Dataset items:
|---|

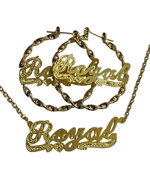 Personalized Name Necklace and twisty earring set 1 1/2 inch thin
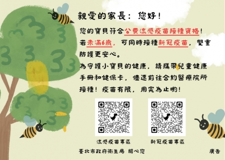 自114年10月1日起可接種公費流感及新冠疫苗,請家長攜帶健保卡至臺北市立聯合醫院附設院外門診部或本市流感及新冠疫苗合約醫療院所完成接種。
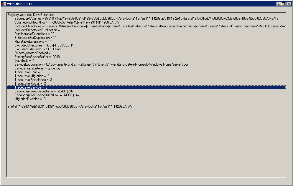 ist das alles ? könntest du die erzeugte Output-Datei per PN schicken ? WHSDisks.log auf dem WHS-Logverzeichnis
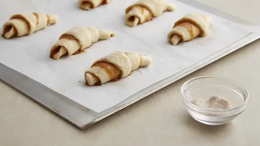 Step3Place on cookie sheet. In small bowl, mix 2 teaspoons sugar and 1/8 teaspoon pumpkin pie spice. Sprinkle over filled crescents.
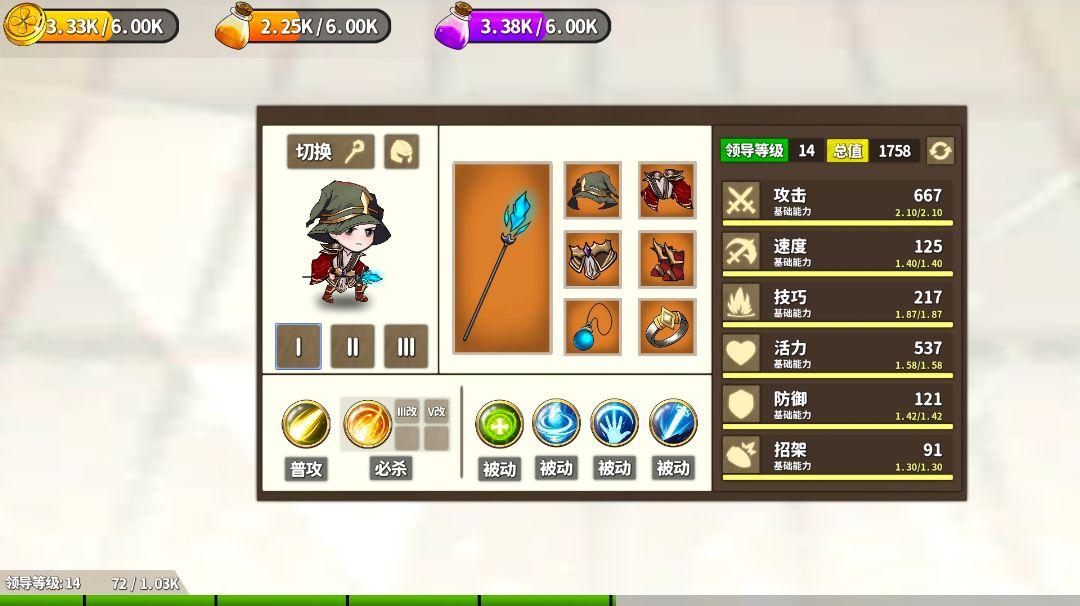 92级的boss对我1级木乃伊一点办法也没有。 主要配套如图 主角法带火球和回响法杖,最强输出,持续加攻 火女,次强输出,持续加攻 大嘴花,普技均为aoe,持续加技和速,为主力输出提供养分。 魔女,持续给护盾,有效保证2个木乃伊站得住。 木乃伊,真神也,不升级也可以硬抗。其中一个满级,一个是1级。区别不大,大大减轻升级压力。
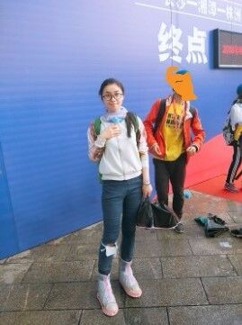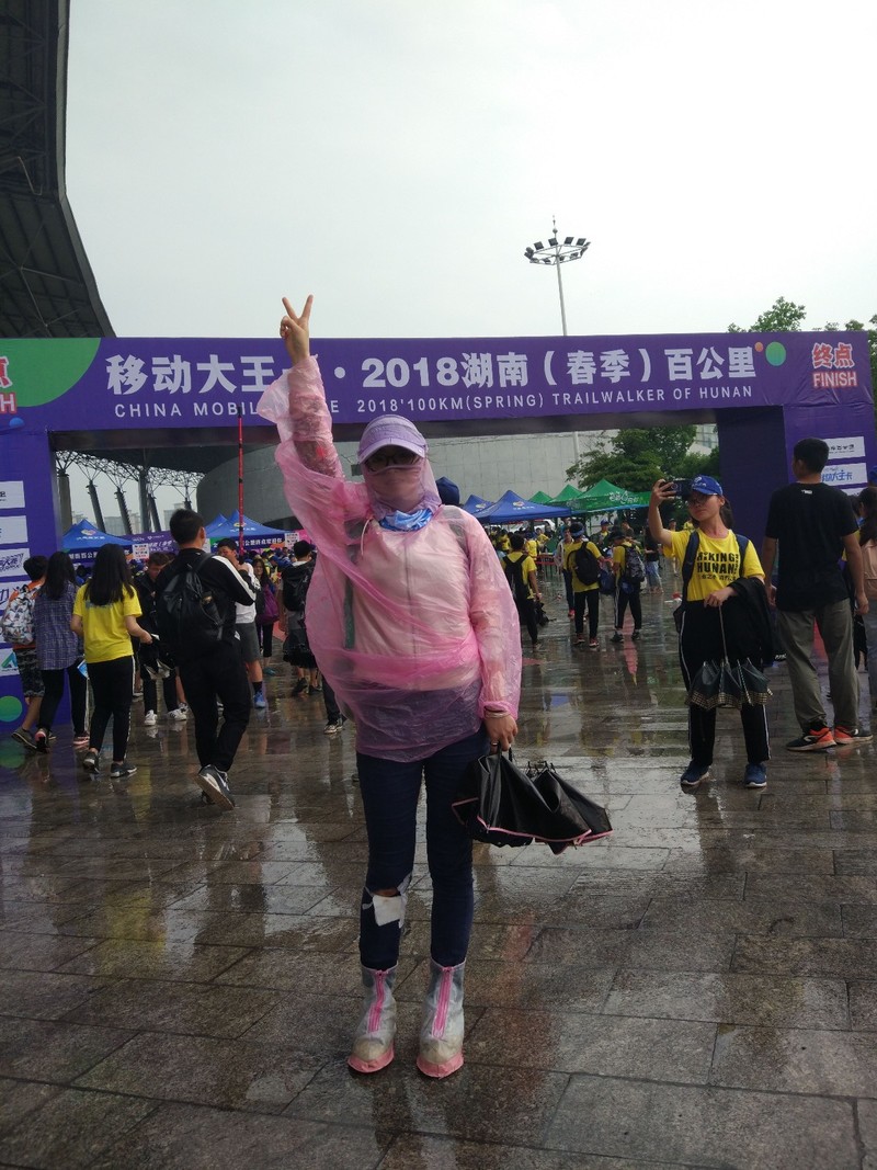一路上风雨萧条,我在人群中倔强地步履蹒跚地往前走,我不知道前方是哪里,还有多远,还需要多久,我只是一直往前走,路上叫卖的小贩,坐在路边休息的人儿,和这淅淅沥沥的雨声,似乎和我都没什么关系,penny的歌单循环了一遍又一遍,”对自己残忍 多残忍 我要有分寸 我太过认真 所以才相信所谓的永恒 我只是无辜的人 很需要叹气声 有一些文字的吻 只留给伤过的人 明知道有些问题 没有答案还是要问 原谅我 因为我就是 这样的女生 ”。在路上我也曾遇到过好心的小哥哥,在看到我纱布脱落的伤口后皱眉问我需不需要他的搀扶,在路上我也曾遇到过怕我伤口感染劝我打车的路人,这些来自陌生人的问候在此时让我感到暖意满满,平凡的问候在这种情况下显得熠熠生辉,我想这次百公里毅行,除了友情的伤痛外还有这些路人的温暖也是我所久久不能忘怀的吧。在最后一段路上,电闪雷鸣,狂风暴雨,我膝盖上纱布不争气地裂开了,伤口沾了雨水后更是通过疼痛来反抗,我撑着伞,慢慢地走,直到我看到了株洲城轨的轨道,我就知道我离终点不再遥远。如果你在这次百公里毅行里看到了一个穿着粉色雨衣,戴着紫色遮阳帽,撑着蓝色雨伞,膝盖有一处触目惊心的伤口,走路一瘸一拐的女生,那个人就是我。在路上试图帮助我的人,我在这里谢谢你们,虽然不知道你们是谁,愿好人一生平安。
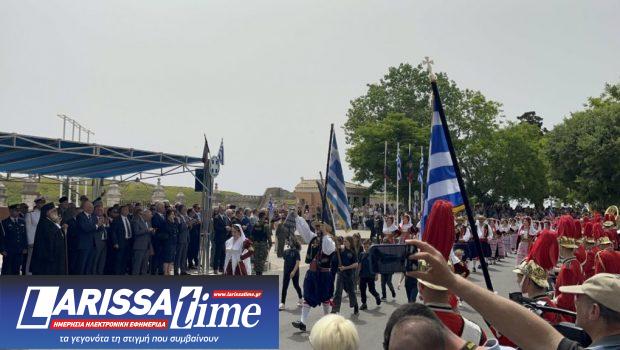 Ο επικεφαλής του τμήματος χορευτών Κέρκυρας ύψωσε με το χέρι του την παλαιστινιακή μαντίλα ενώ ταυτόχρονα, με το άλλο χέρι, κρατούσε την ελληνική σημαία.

|---|

**GOAL OF THE EXERCISE**:
The copy you give must run from the line containing "Step3Place on cookie" through the last line of the records, exactly, with the pictures left out.

**SOLUTION**:
 Step3Place on cookie sheet. In small bowl, mix 2 teaspoons sugar and 1/8 teaspoon pumpkin pie spice. Sprinkle over filled crescents.
 92级的boss对我1级木乃伊一点办法也没有。 主要配套如图 主角法带火球和回响法杖,最强输出,持续加攻 火女,次强输出,持续加攻 大嘴花,普技均为aoe,持续加技和速,为主力输出提供养分。 魔女,持续给护盾,有效保证2个木乃伊站得住。 木乃伊,真神也,不升级也可以硬抗。其中一个满级,一个是1级。区别不大,大大减轻升级压力。
一路上风雨萧条,我在人群中倔强地步履蹒跚地往前走,我不知道前方是哪里,还有多远,还需要多久,我只是一直往前走,路上叫卖的小贩,坐在路边休息的人儿,和这淅淅沥沥的雨声,似乎和我都没什么关系,penny的歌单循环了一遍又一遍,”对自己残忍 多残忍 我要有分寸 我太过认真 所以才相信所谓的永恒 我只是无辜的人 很需要叹气声 有一些文字的吻 只留给伤过的人 明知道有些问题 没有答案还是要问 原谅我 因为我就是 这样的女生 ”。在路上我也曾遇到过好心的小哥哥,在看到我纱布脱落的伤口后皱眉问我需不需要他的搀扶,在路上我也曾遇到过怕我伤口感染劝我打车的路人,这些来自陌生人的问候在此时让我感到暖意满满,平凡的问候在这种情况下显得熠熠生辉,我想这次百公里毅行,除了友情的伤痛外还有这些路人的温暖也是我所久久不能忘怀的吧。在最后一段路上,电闪雷鸣,狂风暴雨,我膝盖上纱布不争气地裂开了,伤口沾了雨水后更是通过疼痛来反抗,我撑着伞,慢慢地走,直到我看到了株洲城轨的轨道,我就知道我离终点不再遥远。如果你在这次百公里毅行里看到了一个穿着粉色雨衣,戴着紫色遮阳帽,撑着蓝色雨伞,膝盖有一处触目惊心的伤口,走路一瘸一拐的女生,那个人就是我。在路上试图帮助我的人,我在这里谢谢你们,虽然不知道你们是谁,愿好人一生平安。
 Ο επικεφαλής του τμήματος χορευτών Κέρκυρας ύψωσε με το χέρι του την παλαιστινιακή μαντίλα ενώ ταυτόχρονα, με το άλλο χέρι, κρατούσε την ελληνική σημαία.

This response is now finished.